The Church, founded by Jesus Christ nearly 2,000 years ago, is indeed the most diverse organization in the history of the world, and at the same time, the most cohesive and tightly knit together. When Jesus sent his disciples out into the world to share the Good News of his death and resurrection, he sent them to peoples and lands without regard for the race, ethnicity, class, or gender of their audience. As the Church became established and grew, it soon encompassed a vast array of people who, until their commitment to Christ, would have believed that they had little in common.
While it is true that the people who comprise the Church have not themselves always been immune to the temptation to sin by treating fellow believers as "other", the spiritual bond of union with Christ that binds the Church together is stronger than any other familial bond, let alone the various other bonds that people enter into willingly. Those who are indeed part of the universal body of Christ, who have been washed clean by the blood of the lamb, share one characteristic that transcends human frailty and the human propensity to squabble or divide: Each and every Christian is a sinner saved by grace through faith in Jesus Christ. Unity on that basis cannot be destroyed by the failures of the people who have been called by God out of the darkness and into the light, for it is maintained not by our power, but by the power of God.

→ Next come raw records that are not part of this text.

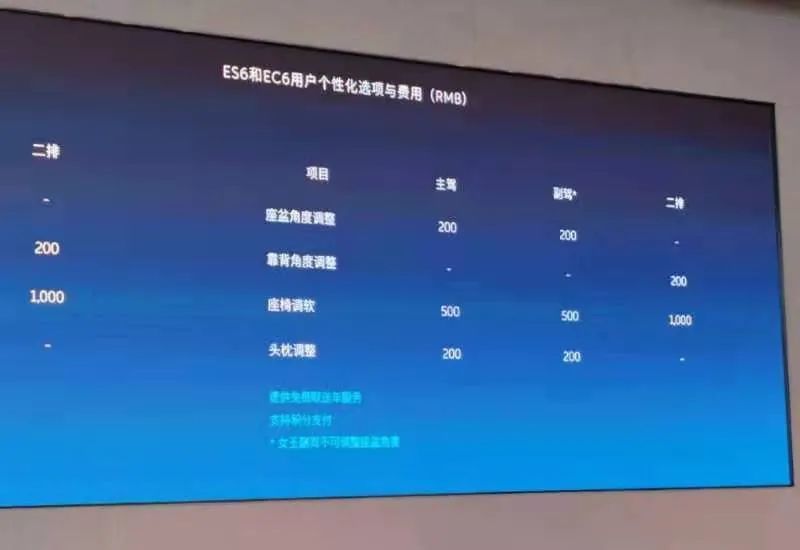 ES6 和 EC6 则一共提供了 8 个座椅个性方案,单项最低 200,合计收费 3000 元。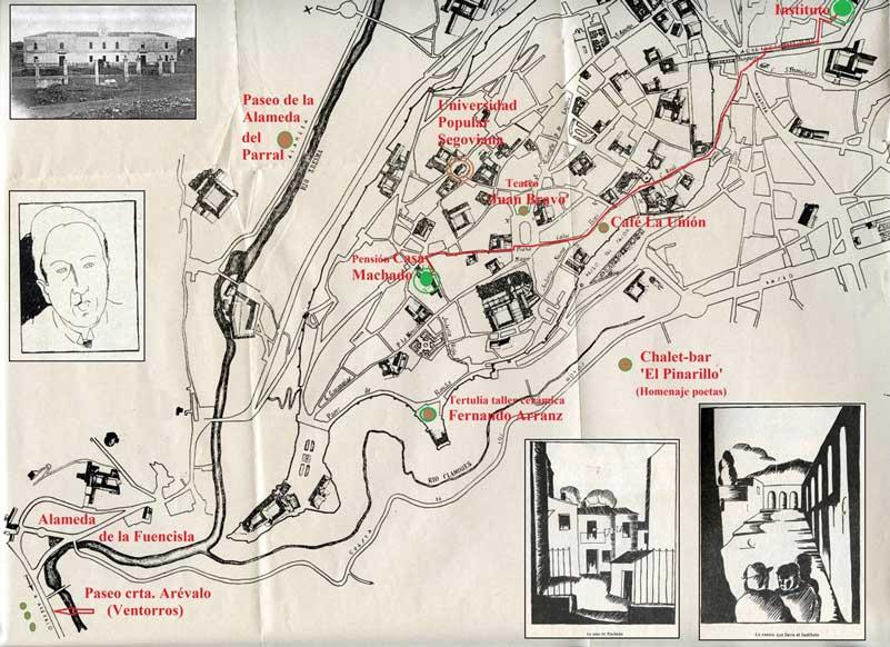Plano de lugares Machadianos en nuestra capital provincial de Segovia,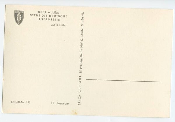 Nice 'Das Alles Sind Infanteriewaffen' postcard number 156. The postcard is from the "Über allem steht die Deutsche Infanterie" series. Under the photo is written: 'Das Zwillings-M.G. ist die eigene Flieger-Abwehr des Infanterie-Batallions'. The photo was taken by Kriegsberichter Lessmann and published by 'Erich Gutjahr Bildverlag' from Berlin. Very nice postcard in excellent unsent condition and measures approximitely 14 x 9 cm in size. No repairs, no damage.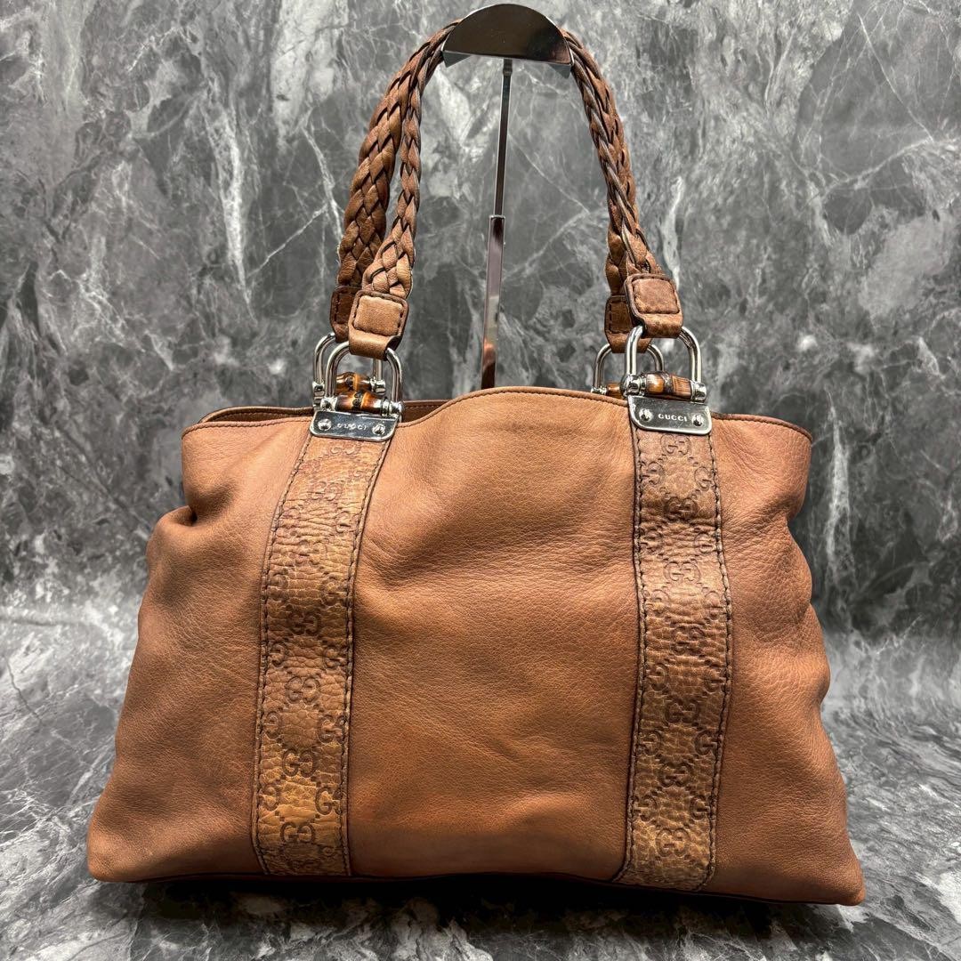 Gucci Leather Tote Bag Shima Braided Bamboo A4 Used Key Features - Size: approximately 16.1 inches (41cm) x 11 inches (28cm) x 4.7 inches (12cm) - Condition: Please refer to the images for details - Includes: Bag body and care card - Details: Shipped via Yamato's Rakuraku Mercari Bin, within the specified period - Authenticity: Certified by Japan's Self-Managed Distribution Association (AACD), purchased from a brand reuse shop - Notes: Negotiations take priority; no custom listings available - No accessories are included unless noted in the title or product description. If you have any questions, please ask before purchasing. Specifications Brand Gucci Country Japan Exterior Material Leather Style Tote Bag Material Leather Product Description Item Title Rare Gucci Leather Tote Bag Shima Braided Bamboo A4 Payment Supports managed payments Please pay within 5 days after auction is finished. About Us We are located in Japan. It's our pleasure to make you happy by proposing our recommend item. If you have any questions or request about items, please feel free to ask us. International Buyers - Please Note: -Import duties, taxes, and charges are not included in the item price or shipping charges. These charges are the buyer's responsibility. -Please check with your country's customs office to determine what these additional costs will be prior to bidding/buying. -These charges are normally collected by the delivering freight (shipping) company or when you pick the item up - do not confuse them for additional shipping charges. -We do not mark merchandise values below value or mark items as - gifts - The US and International government regulations prohibit such behavior. Thank you for your understanding.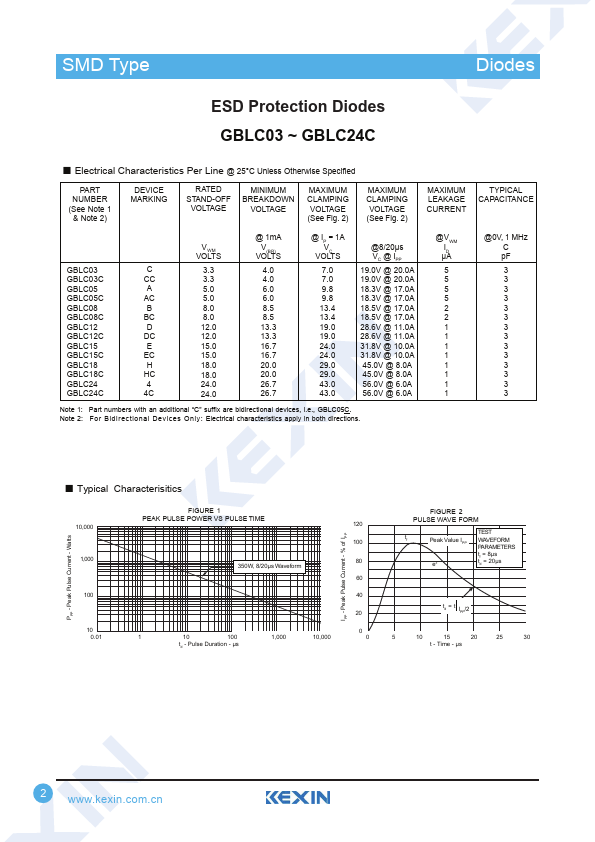 SMD Type ESD Protection Diodes GBLC03 ~ GBLC24C TransDisiotodress.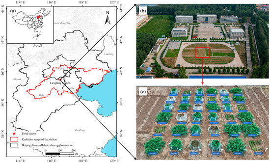 Overview of the study area. Note: (a) illustrates the geographical location, (b) shows an aerial view of the field station, and (c) details the layout of the simulated experimental plots.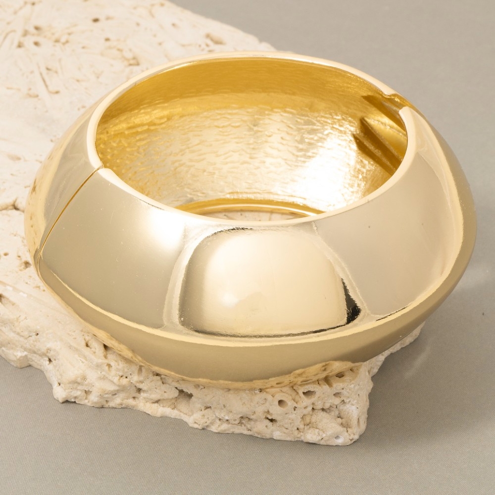 Uniquely designed and endlessly stylish, this bangle bracelet flaunts a luxurious chunky puffy dome hinged design. This item is ideal for those who want to add some personality to their outfits without being too bold. Available in GD. This item is sold in packs of 1.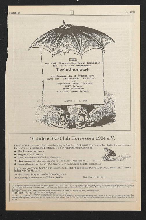 Der Ski-Club Horressen feiert am Samstag, 8. Oktober 1994, 20.00 Uhr, in der Turnhalle der Waldschule Horressen sein lOjähriges Bestehen. Bei der Veranstaltung wirken mit: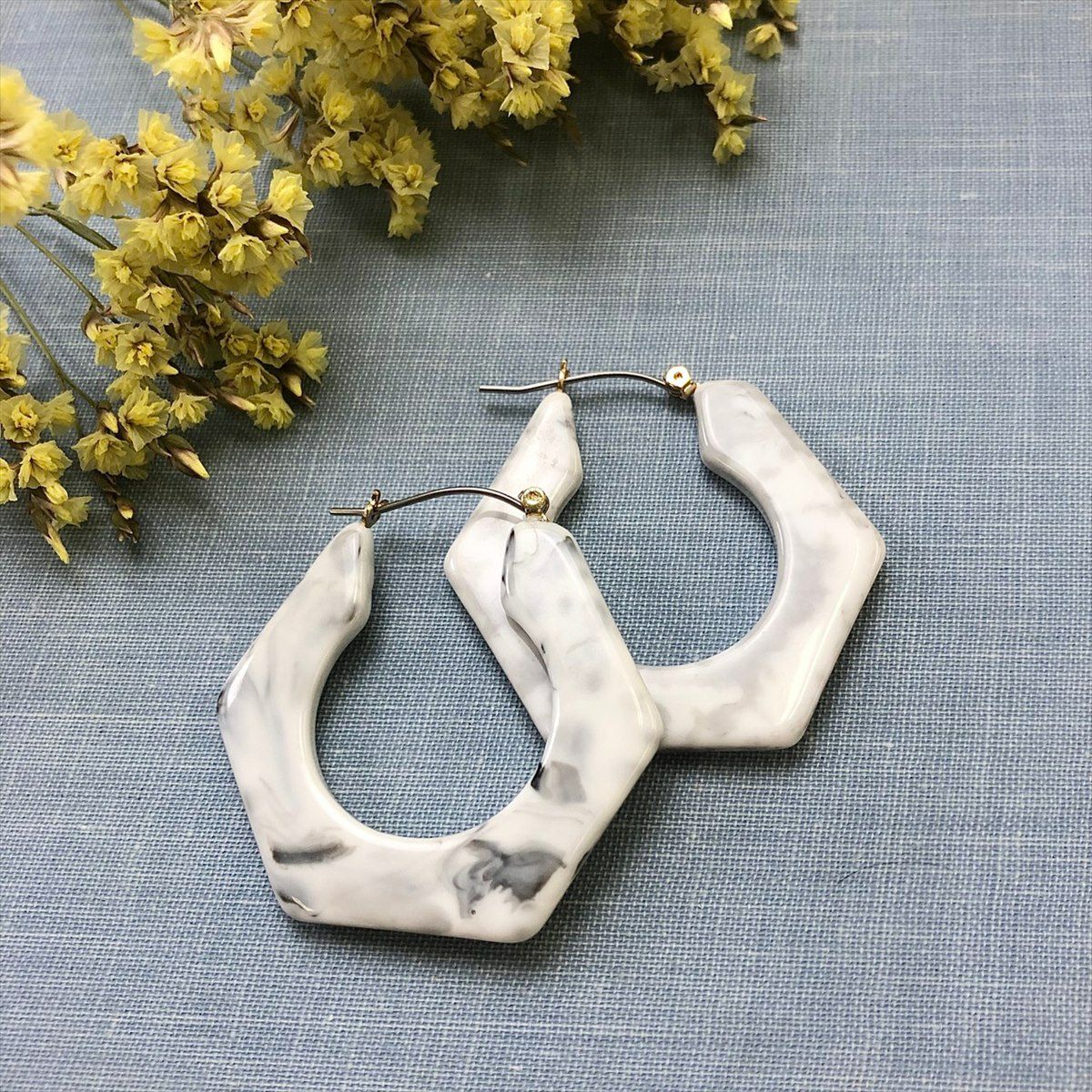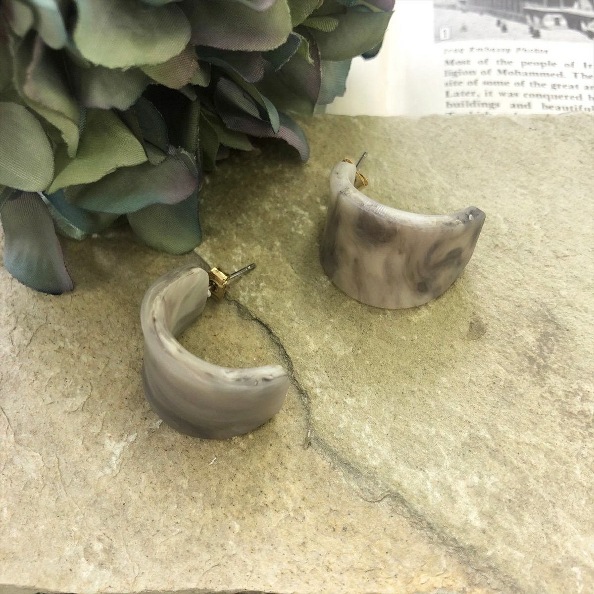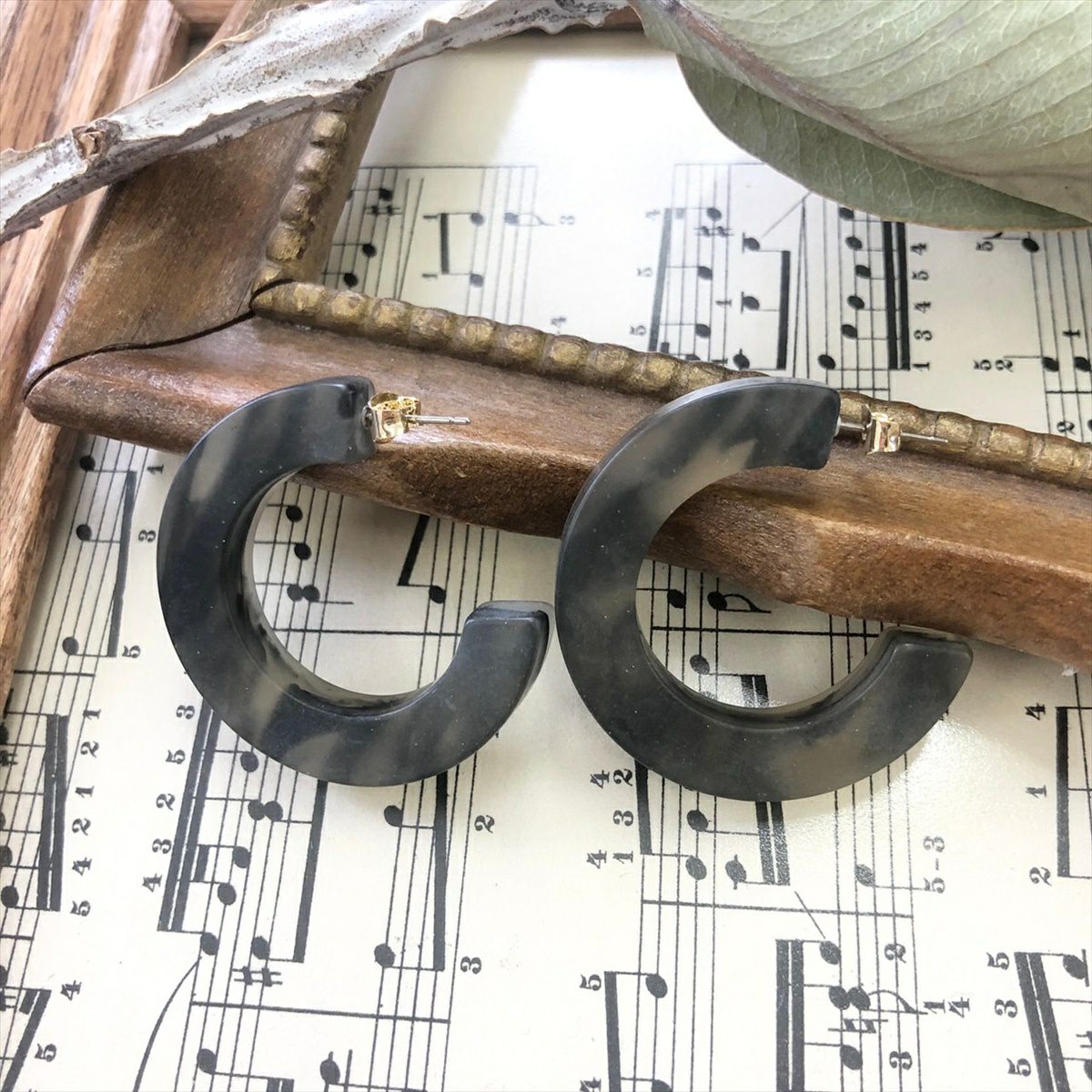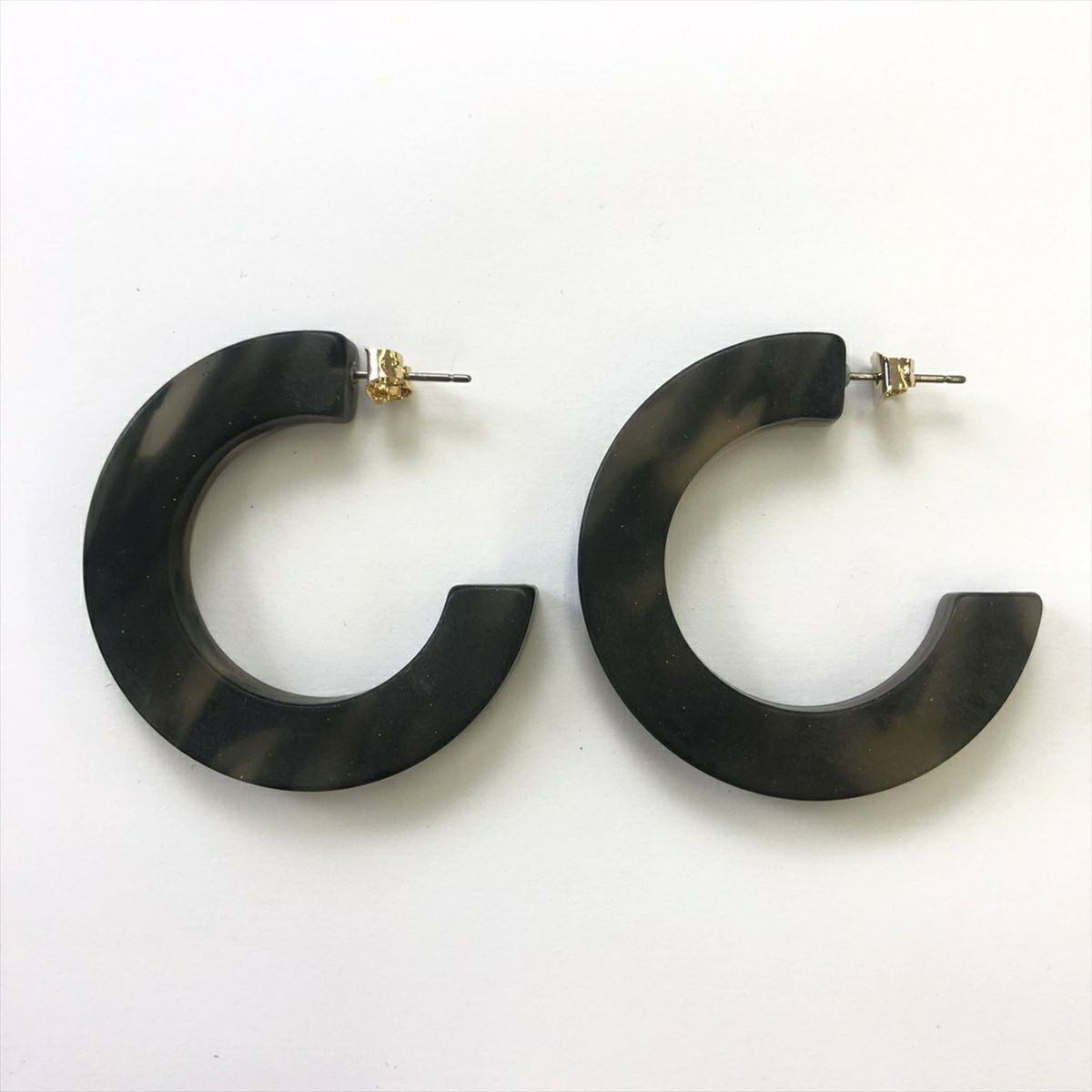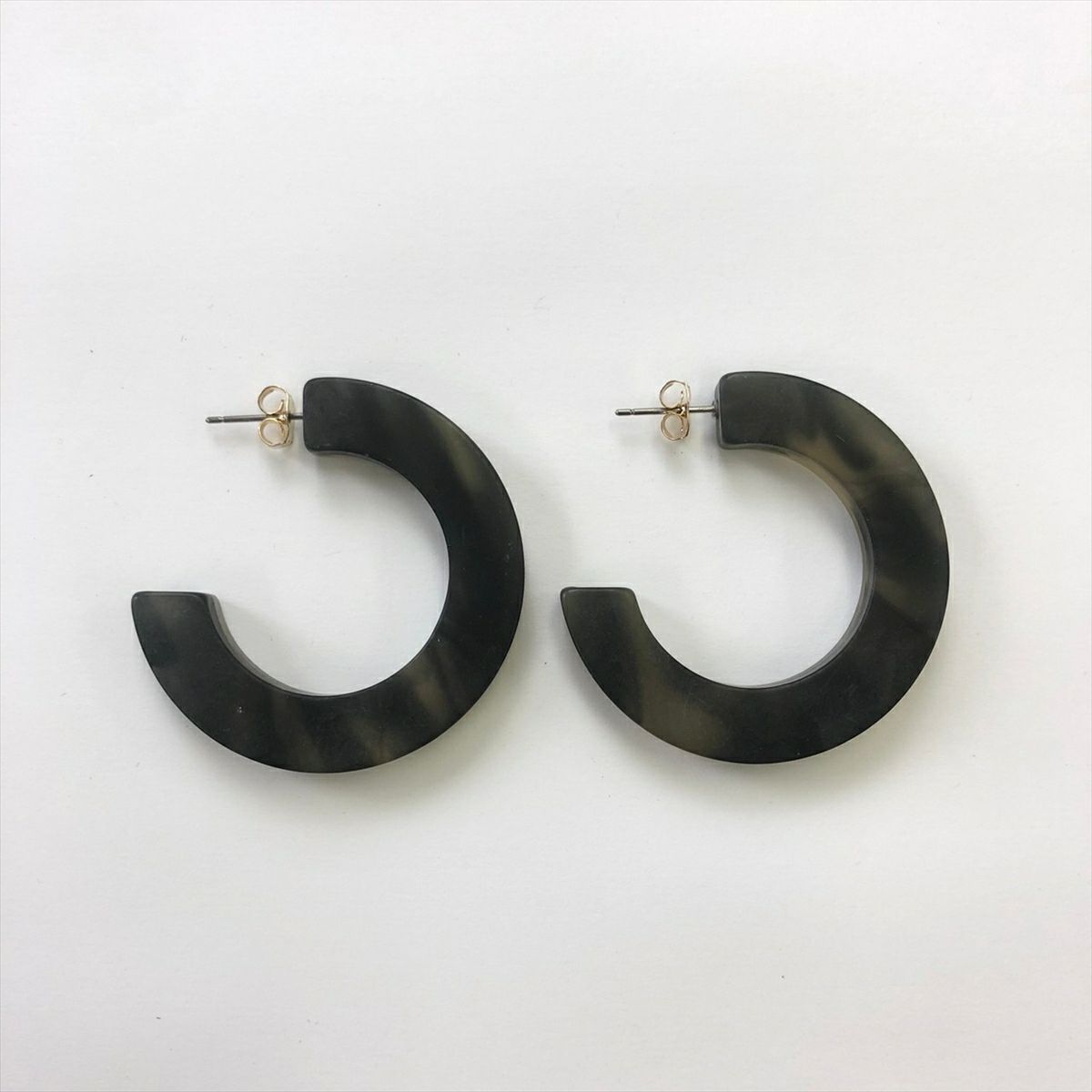 レジン 大理石風 フープ フープピアスグレー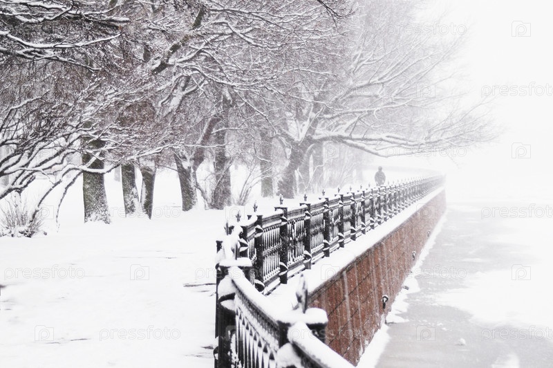 Санкт-Петербург, Кронверкская набережная, въезд на Троицкий мост, снегопад, туман над Невой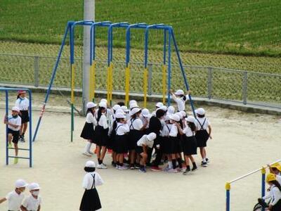 お弁当後、運動場では解団式。「みんなの協力があって優勝できました。」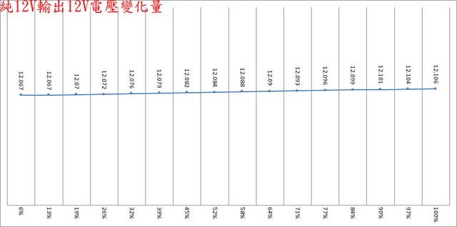 合全負載輸出下12V/5V/3.3V各路低頻漣波分別為16.4mV/18.4mV/15.2mV;於純12V全負載

Perhaps the vast majority of your experience with church has involved people who look, speak, and think as you do. Perhaps you've been lulled into thinking that the Church (universal) is a mirror image of the local church to which you belong. If that is the case, you're not seeing the whole picture. The Church, universal, is incredibly diverse in virtually every category, much of it very different, perhaps uncomfortably so, on the outside, from what you may have experienced. And yet, at the same time, that universal Church is bound together by one singular and all-encompassing commonality: Jesus Christ is Savior and Lord of each and every one of his adopted brothers and sisters.